1-3

僕は内科医になるため、医学学科。

沙也加は既に個展なども開いているので、芸術学科。

美波は自由都市の「ホテル王」と呼ばれる父の跡を継ぐため、ビジネス科に通っている。



僕達の将来就く職は、生まれたころから決まっていた。


基本的には親の跡を継ぐのだが、その適正が無かったり、兄弟が多くて同じ職に就けなかったり、事故による後遺症などで仕事が出来なかったりする場合は、同じ分野の別の職に就く。

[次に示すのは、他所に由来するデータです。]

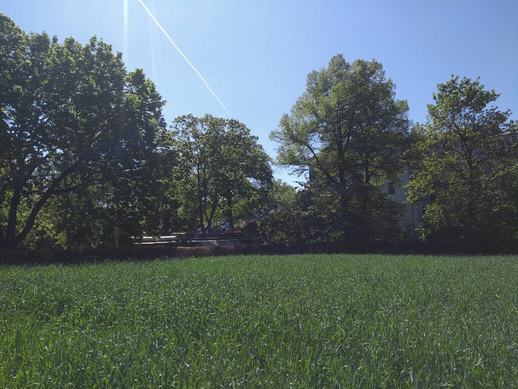 Ich gehe einmal die komplette Bernauer herunter. Im Mauerpark seh ich eine Frau mit dem coolen Glitzeraufnäher „I LOVE MOSCHINO“. Am Vinetaplatz blüht duftend Flieder. Touristenhorden überlaufen die Mauergedenkstätte. Wo einst Menschen starben, macht man heute dümmliche Posefotos. Aber besser Selfiegrinser als Soldaten mit MPs, Selbstschussanlagen und auf Menschenjagd zugerichtete Hunde. Ich schaue mir das Areal hinter der Kapelle der Versöhnung an. Ein Stück der sogenannten Hinterlandsicherungsmauer steht noch. Im Ex-Niemandsland befindet sich der Gemeinschaftsgarten „NiemandsLand“, ein Projekt zweier Kirchgemeinden. Blühwiese, Pflanzenkübel, Kräuterwildwuchs – alles angenehmunordentlich.

自由に「好きな職」に就いてしまっては、極端に人手が足りない職場が増えてしまうからだ。



だから、僕は石田先生に呆れている。

僕達は、先生のような外の世界の人間とは違って、決められた未来があるのだ。

それを嫌だとは思わないし、むしろ誇りに感じている。

決められた道を歩むということは、自由都市のために働き、自由都市を守ることにも繋がるからだ。


人には適材適所というものがある。

僕は父親譲りで頭が良く、手先も器用だ。

常に冷静だし、適切な判断も出来る。

つまり内科医向きだ。


逆に、絵は好きだけれど、人の心を震わせるほどのものは描けない。

それを描けるのは、沙也加だけだ。



そのことを、先生は分かっていないのだ。


「私、そろそろ帰るね」


美波は立ち上がり、大きく腕を伸ばした。


「うん。気を付けてね」


「……送ってはくれないんだね。三上さんにはしたのに」


重く沈んだ声で、呟く。先程とのテンションの違いに驚き、美波の顔を見た。


「え、何で泣いて」


「慎二は、三上さんのことが好きなの?幼馴染の私よりも、三上さんの方が大切なの?」


「いや、美波のことも大切に思ってるよ」


「じゃあ何で、三上さんのことは家まで送ってあげるのに、私のことは放っておくの?それって、三上さんの方が大切ってことじゃない」


「違うよ。沙也加の時は、僕のせいで帰りが遅くなったから」


「じゃあ、もっと私がここに居座ったら、帰りが遅くなったら、心配だから送るよって言ってくれるの?違うでしょ?三上さんだから送ったんでしょ?」


「美波の言いたいことが分からない。僕にどうしてほしいの?家まで送れば気が済むの?それとも、沙也加だから送ったって言えばいいの?」


泣きながら攻めてくる美波に、つい、冷めた口調で反撃してしまった。

でも、自分でも止めることが出来なかった。


「そういうことじゃない。そういうことじゃないの……」


「じゃあ、どういうことなの?一回座って。こっち向いて、話してみてよ。僕はエスパーじゃないから、ちゃんと言葉にして伝えて」


そう言うと、美波は大人しく椅子に座り直す。

僕もキャンバスから離れ、美波の前に席を移した。

一台の机を挟む形で向かい合う。

少しだけ、冷静さを取り戻した。


「慎二は、三上さんの事、好き?」


手渡したハンカチで、美波は涙を拭く。

青みがかった薄いグレーの生地が、涙に触れた部分だけ濃く染まった。


「好きだよ。恋愛感情はないと思うけど、沙也加の絵には惚れてる。心を掴まれるって言えばいいのかな。そんな絵を描く人のことを、僕は嫌いになんてなれない」


「うん。そうだよね」


「それが気に入らないの?美波は、沙也加の事嫌い?」


「ううん、そうじゃないの。私は三上さんとそんなに話したことは無いから、好きとも嫌いとも言えない。でも、悔しいの。慎二と三上さんが仲良くなったの、中等部に入ってからでしょう?」


「そうだね。一年の冬に『雪桜』っていう、沙也加の作品を見た時に気になって話しかけたんだ。これはどういう絵なのかって。それがきっかけで、絵を教えてもらったり、本の貸し借りをしたりするようになったんだ」


「あの時は確か、私が三上さんの個展を見に行こうって、慎二と大輝のこと誘ったんだよね。けど、私が熱出しちゃって二人で観に行くことになったんだっけ?」


「そういえば、そうだったな」


冬休み初日に、クラスメイトの子が絵の個展を開くから一緒に行こう。

そう、美波に誘われて行ったのが、沙也加のアトリエだった。


芸術という分野に、僕も大輝もあまり興味はなかったけれど「美波が行くなら行く」というのが僕達のスタイルだった。